──────── DATA EXCERPT ────────

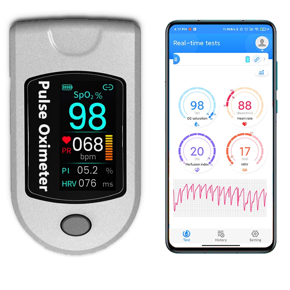 Oxímetro de dedo Pulso Sem Fio Bluetooth 4.0 Spo2 PR Oxigênio No Sangue Monitor de Freqüência Cardíaca Óximatro Desedo Cuidados de Saúde
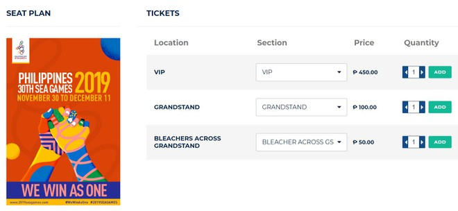 Trên trang chủ SEA Games 2019 đưa thông báo về mức vé của các môn thi đấu được chủ nhà Philippines phát hành. Vé rẻ nhất chỉ khoảng 22.000 đồng/vé.
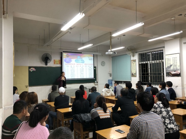 講堂活動伊始,德育主任麥滿棠老師做主題為《好習慣比學習成績更重要》的講話。麥主任充分利用多媒體網絡資料,借助中國青少年研究中心研究員孫云曉教授的網絡專題講座《習慣決定孩子的命運——學習習慣比考試成績更重要》,建議家長從長遠的角度來考慮孩子的發(fā)展,特別要重視孩子的學習習慣,因為學習習慣是一個人在學習中最穩(wěn)定、最具有持續(xù)發(fā)展的因素。其次,安全主任李秋嬋老師向家長普及了流感等傳染病防控的相關知識,要求家長與學校一起打好預防季節(jié)性傳染病攻堅戰(zhàn),為孩子的健康、平安保駕護航。活動最后進行了分班座談。老師們都紛紛提到了“最好的教育就是陪伴”,父母應該花有質量的時間,給孩子無條件的陪伴,和諧的親子關系才是孩子健康成長的力量源泉。這樣孩子的學習成績的提高才能水到渠成。

────────

TASK ITEM: Each line of the material is to be output exactly. Images are not part of the expected output.

ANSWER SECTION:
 Oxímetro de dedo Pulso Sem Fio Bluetooth 4.0 Spo2 PR Oxigênio No Sangue Monitor de Freqüência Cardíaca Óximatro Desedo Cuidados de Saúde
 Trên trang chủ SEA Games 2019 đưa thông báo về mức vé của các môn thi đấu được chủ nhà Philippines phát hành. Vé rẻ nhất chỉ khoảng 22.000 đồng/vé.
 講堂活動伊始,德育主任麥滿棠老師做主題為《好習慣比學習成績更重要》的講話。麥主任充分利用多媒體網絡資料,借助中國青少年研究中心研究員孫云曉教授的網絡專題講座《習慣決定孩子的命運——學習習慣比考試成績更重要》,建議家長從長遠的角度來考慮孩子的發(fā)展,特別要重視孩子的學習習慣,因為學習習慣是一個人在學習中最穩(wěn)定、最具有持續(xù)發(fā)展的因素。其次,安全主任李秋嬋老師向家長普及了流感等傳染病防控的相關知識,要求家長與學校一起打好預防季節(jié)性傳染病攻堅戰(zhàn),為孩子的健康、平安保駕護航。活動最后進行了分班座談。老師們都紛紛提到了“最好的教育就是陪伴”,父母應該花有質量的時間,給孩子無條件的陪伴,和諧的親子關系才是孩子健康成長的力量源泉。這樣孩子的學習成績的提高才能水到渠成。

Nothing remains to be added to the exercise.